Keywords: tagging, tags, social engagement, social metadata, user engagement, folksonomies, historic newspapers, Australian newspapers, full-text resources, web 2.0, user generated content, social tagging.
Non-profit making and commercial organizations like Flickr, Youtube, LibraryThing, and Amazon have responded to user needs by enabling tagging, commenting, rating and other social metadata engagement (web 2.0) tools across books, videos, images and websites. Despite proving very popular with users, the library, archive, museum and gallery sectors have been slow to follow suit with their own collections. In the cultural heritage sector a fair amount of research and pilot testing has been carried out on social tagging as the precursor to perhaps implementing it more widely. The most notable and extensive research is undoubtedly that around steve.museum, an open source tagging tool. Two excellent reports have recently been published on two years of research (2006-2008) undertaken by steve.museum.
In August 2008, the National Library of Australia (NLA) implemented a tagging application for the first time on one of its own collections: the newly released Australian Newspapers beta service, which contained 1 million full-text searchable articles of historic Australian Newspapers from 1803-1954. The number of articles increased to 5 million by the end of the year. The tagging was not done as an experiment and therefore was not controlled. The taggers were real users who wanted to tag for reasons of their own. Nevertheless, over 500 users created a tag pool of over 102,000 total tags in the first year of which 38,000 were different (distinct) tags.
Users could be registered or anonymous. During this time, all web 2.0 user activity, such as tagging, commenting and text correction, was monitored (but not moderated) by NLA through the gathering of statistics and communicating with users.
The Australian Newspapers service is the only online service from the National Library of Australia that has utilized web 2.0 features. It is also one of only two known large cultural heritage institutions in Australia that have enabled tagging across their collections, the other being the Powerhouse Museum. A survey carried out on Australian cultural heritage institutions in 2008 revealed that though many institutions were thinking about tagging only two were actually doing it. It also reported that "institutions who have not implemented user tagging generally perceive many potential problems that institutions who have implemented user tagging do not report".
I have undertaken my own research into the tagging activity that occurred in the Australian Newspapers service over the first year. This article gives an overview of the public reaction to and utilization of the tagging facility in a full-text searchable collection, and provides statistics over a year's duration, observations on the use of tagging and suggestions for future developments. These may be relevant for other libraries and collections who are considering implementation of tagging. I was also interested in finding out if tagging activity and behavior may be any different on full-text resources as compared to image collections, so I have compared the NLA findings with other recent research on tagging in image collections. This includes the steve.museum project research where 1621 users added 36,981 tags to 1,784 images of museum and gallery works between March 2007- March 2008, and the Library of Congress Flickr pilot project where 2,518 users added 67,176 tags to 4,615 photographs from their collection between January 2008 October 2008. These can be considered a fair comparison to the Australian Newspapers service.

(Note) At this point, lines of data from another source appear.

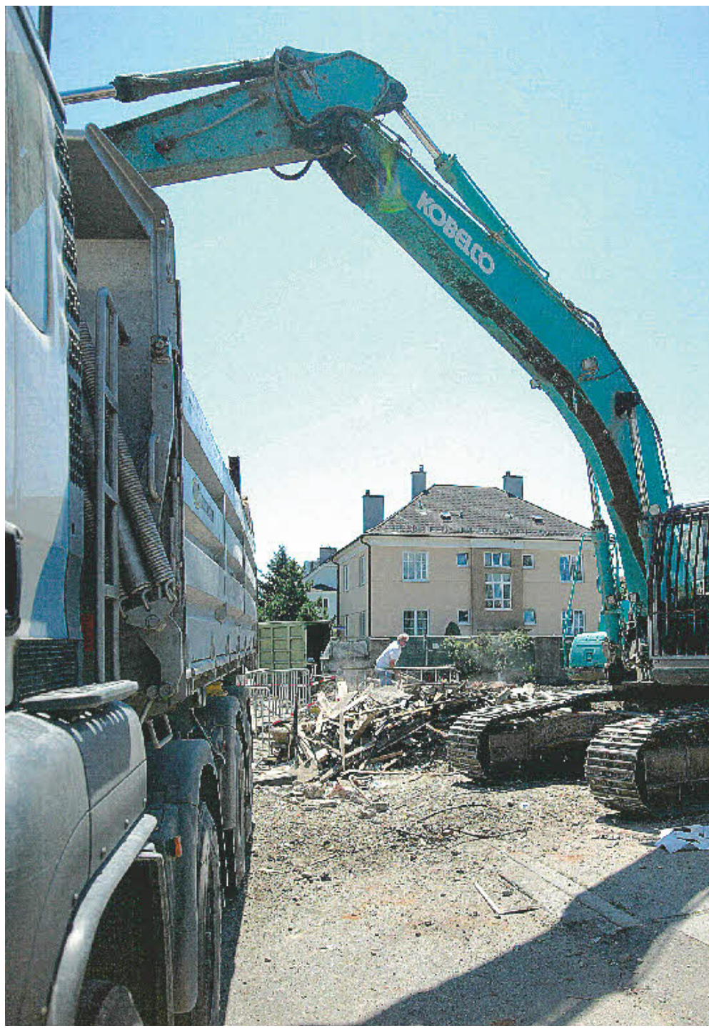
„Ganz neuer Anfang“: Stadtrat organisierte Voith-Wohnung für die Harzhausers (re.). Die Unglücksstelle ist von 40 Tonnen Schutt freigebagert. Wunsch der überlebenden 21-Jährigen: Eine Wiese statt Bebauung

Top-Sicherheit Auch in der Nachbarschaft ist noch nicht Normalität eingekehrt. Drei Familien sind weiter ohne Gasanschluss, sie bekamen Elektro-Ersatzgeräte von den EVN. Einige im Grätzl fühlen sich unsicher und wenig informiert. Auf ihr Betreiben fand Donnerstagabend eine Versammlung mit EVN und Stadtvertretern statt. Forderung: Bei der bevorstehenden Erneuerung der Leitungen Einbau modernster Sicherheitstechnik. „Selbstverständlich höchste Standards“, garantiert EVN-Sprecher Stefan Zach.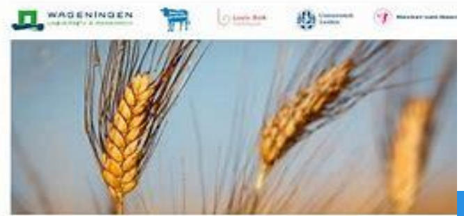
Wageningen Environmental Research | White paper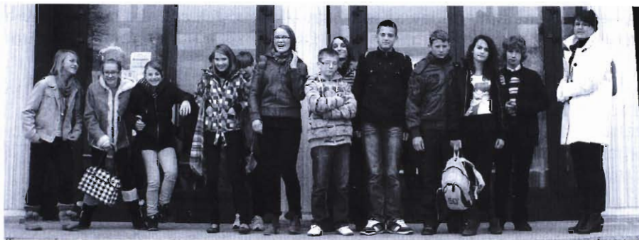
Laureaci konkursu na wycieczce w Krakowie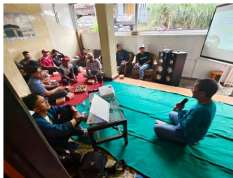
Gambar 3 Pemberian materi pelatihan di komunitas peternak Junrejo, Kota Batu.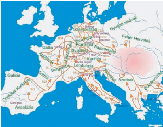
Ungarske felttog i 900-tallet.

UNGARERNE har boet i deres land i mere end tusind år, men de har haft en omtumlet historie. De indvandrede i slutningen af 800-tallet og bosatte sig i både Ungarn og det meste af det nuværende Rumænien. De var frygtede krigere og hærgede det centrale Europa. Men i 995 blev de besejret af den tyske kejser Otto den Store og måtte indstille deres plyndringer.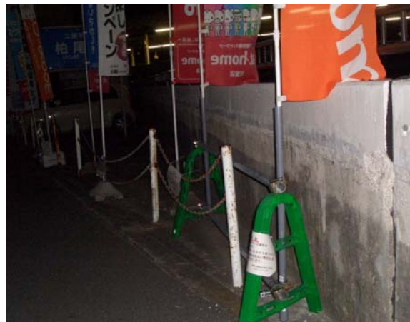
撤去を警告する張り札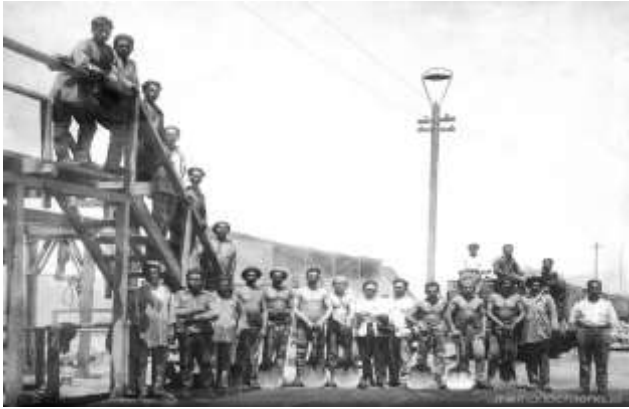
Trabajadores del salitre, oficina Mapocho, Chile, 1900.

La creciente demanda de salitre y la anexión por parte de Chile de los territorios ricos en este mineral, permitió al Estado experimentar un gran crecimiento económico durante las últimas décadas del siglo XIX e inicios del siglo XX, siendo un factor fundamental en las transformaciones políticas y sociales del período.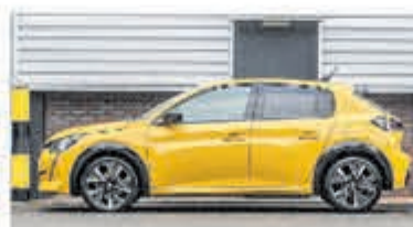
Peugeot 208 1.2 PureTech GT-Line € 25.950,-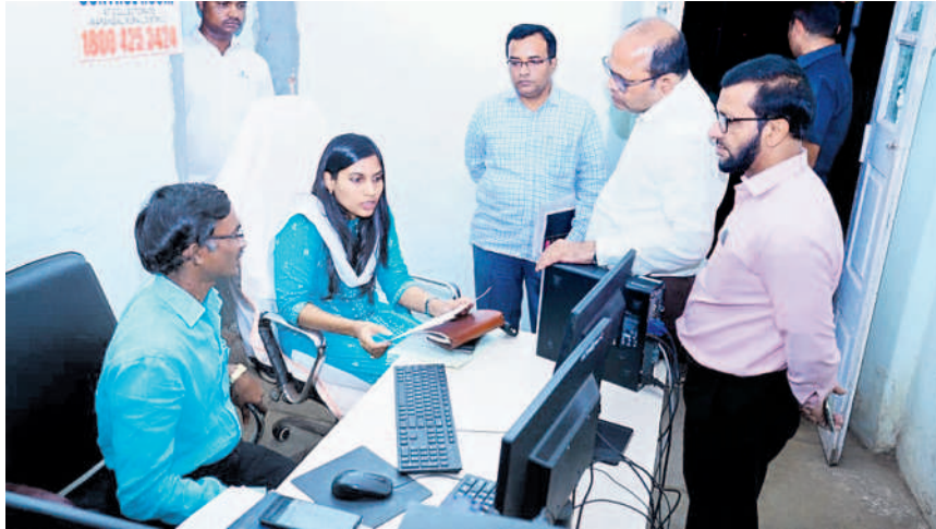
ఎన్నికల కంట్రోల్ రూమ్ కు వచ్చిన ఫిర్యాదులు, తీసుకున్న చర్యలపై తెలుసుకుంటున్న కలెక్టర్ ప్రావీణ్య

పోచమ్మమైదాన్, అక్టోబర్ 25: ప్రజల నుంచి వచ్చే ఫిర్యాదులను ఎప్పటికప్పుడు పరిష్కరించాలని జిల్లా ఎన్నికల అధికారి, కలెక్టర్ ప్రావీణ్య అధికారులను ఆదేశించారు. వరంగల్ కలెక్టరేట్ లోని ఎన్నికల కంట్రోల్ రూమ్ ను బుధ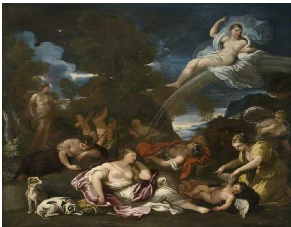
L. Giordano: Odzbrojenie Kupida. Alegória Castitas (17.st.)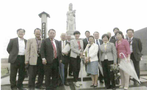
荒浜地区慰霊塔前で

会が仙台市で開催されました。テーマは「大災害への対応」とし、1日目は地下鉄荒井駅構内の「震災メモリアル施設」、震災遺構として整備した旧荒浜小学校、津波避難タワー等の被災地及び復興事業の視察を行いました。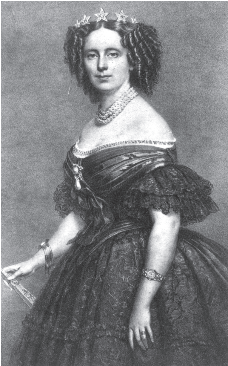
Een foto uit 1868 van koningin Sophie (1818-1877), eerste gemalin van koning Willem III. Haar beide zonen overleden niet lang na hun moeder (in 1879, resp. 1884) en brachten daardoor de monarchie aan het wankelen.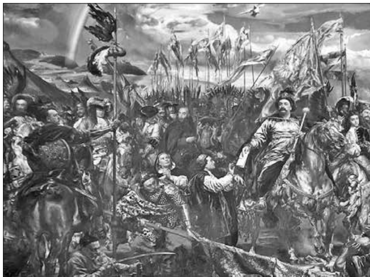
Jan Matejko, Sobieski pod Wiedniem (fragment)

Kiedy na zachodzie Europy islamscy Turcy rozpoczęli inwazję na kraje chrześcijańskie, a ich zwycięstwo przeważało i zagrażało już Austrii, papież Innocenty XI zwrócił się o pomoc zbrojną do Jana III Sobieskiego, by ratował chrześcijaństwo. Jednak sejm polski, mając na uwadze pusty skarb i wyczerpany wojnami kraj, wahał się... Wtedy to szaleńczo przechylał świętobliwy o. Stanisław Papczyński (dziś błogosławiony), spowiednik króla, założyciel Zgromadzenia Ojców Marianów, którego hasło życia brzmiało: Immaculata Virginis Conceptio sit nobis salus et protectio – Niepokalane Poczęcie Maryi niech będzie nam zbawieniem i obroną.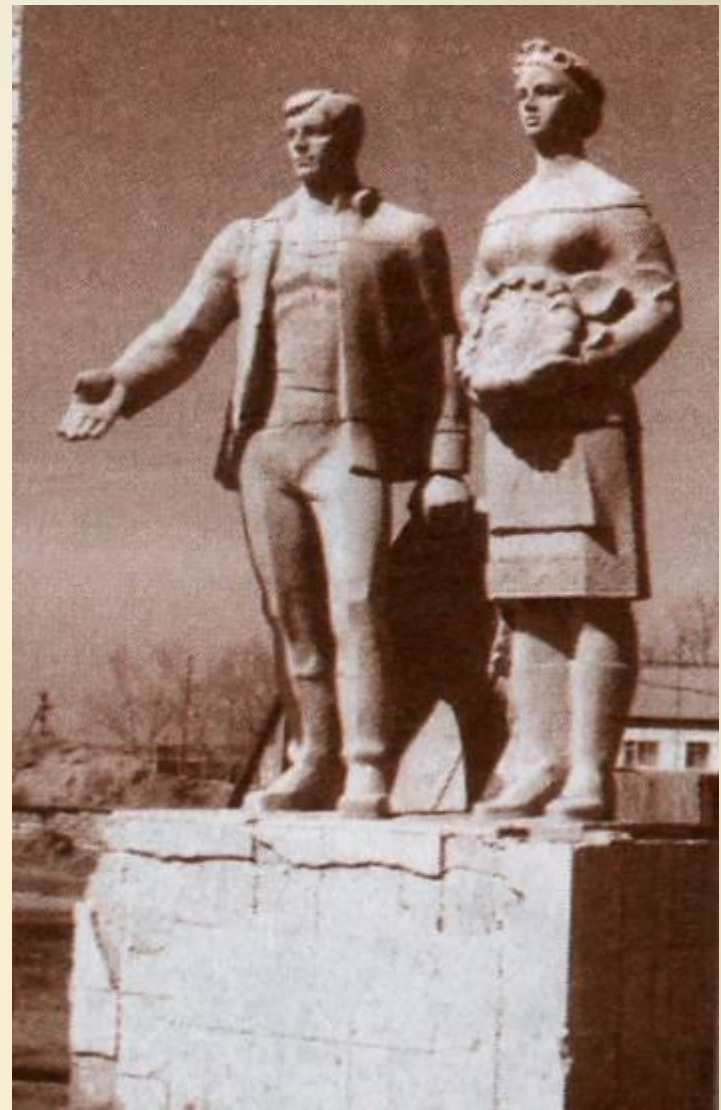
Памятник первоцелинникам. Пос. Маяк, Брединский р-он.

Постепенно улучшалось положение дел и в животноводстве. Колхозы и совхозы Урала удвоили продажу своей продукции государству. В середине 1960-х гг. на Южном Урале были созданы областные тресты всесоюзного объединения «Птицепром».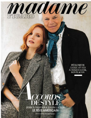
“Bulles Dada” Par Elisabeth Quin Madame Figaro, 30.11.2018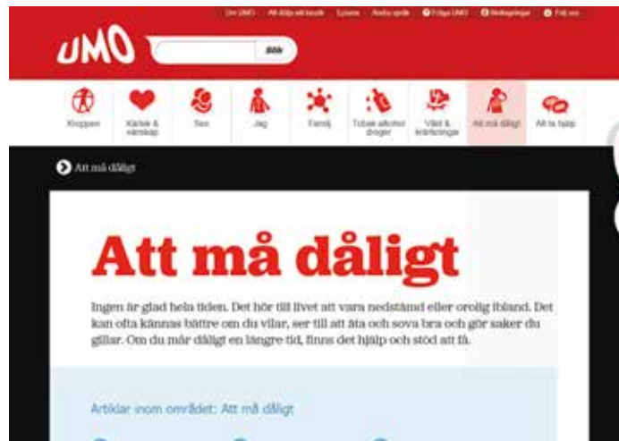
Frågorna på umo.se kan till exempel handla om stress och oro.

Fråga UMO ger unga människor möjlighet att ställa frågor anonymt och sedan får de svar av någon professionell, exempelvis en sjuksköterska eller psykolog. Anonymiteten garanteras genom ett tekniskt system. Inga personuppgifter lagras. De vuxna som svarar undertecknar där emot med namn och yrkestitel för att det ska vara tydligt att hjälpen är professionell. Årliga utvärderingar vi-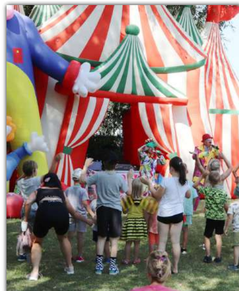
Po biegu miodowym dla dzieci zorganizowano zabawę z klaunami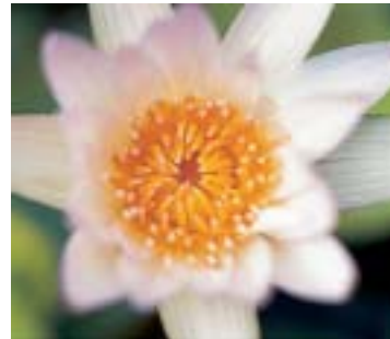
Con lente de aproximación NL4

En comparación, las lentes B+W de aproximación son de poco precio, no aumentan el tiempo de exposición y, como los filtros, son pequeños y de poco peso. Operan como un objetivo macro delante del objetivo normal, reduciendo la distancia focal sin variar su extensión, y aumentando la escala de reproducción disponible.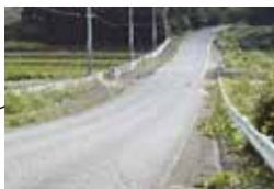
志土庫駐在所から旧志土庫小学校方面へ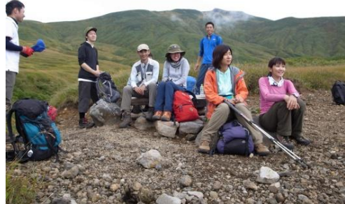
丁字分岐で寛ぐメンバー

扇子森でやはり水の少ない鳥海湖を眺めながら、いつものノンアルで乾杯&シャインマスカットのデ ザート付き昼食を済ませ、遥か下方へ伸びやかに続く木道を進み草紅葉の始まる千畳ヶ原へ。丁字分岐 でしばらく休んで臨戦態勢(^^;)を整え、いよいよ本日のメインイベント幸次郎沢に取り付きます。

Tagging of resources in the Australian Newspapers collection was implemented for the primary purpose of improving the data quality of the resource. The success of the tagging was measured on three things:
By these measures, tagging of the resources was considered successful.
A secondary but very significant outcome was that the Library harnessed a high level of social engagement from its users. The Library is now extending the tagging functionality across all of its analogue and digital collections.
This article does not cover the public text correction feature in Australian Newspapers that was introduced along with the tagging and commenting features and was even more successful than the tagging. Text correction is fully covered in the 'Many Hands Make Light Work' report.
2. Tagging functionality and implementation in Australian Newspapers
The functionality given to users for tagging in Australian Newspapers include the following:
Although it was always intended that users would be able to search across tags, users have not, however, been given that ability so far. Unfortunately, project priorities were diverted from implementing the agreed interface and functionality enhancements, including the searching of tags, to other more critical priorities. Therefore, during the entire period of this research tags were not searchable by the public, though they were browsable and could be viewed at article level. In addition, no guidelines for creation or management of tags were provided, due to lack of staff resource to develop them and to the team's thinking that guidelines were not essential.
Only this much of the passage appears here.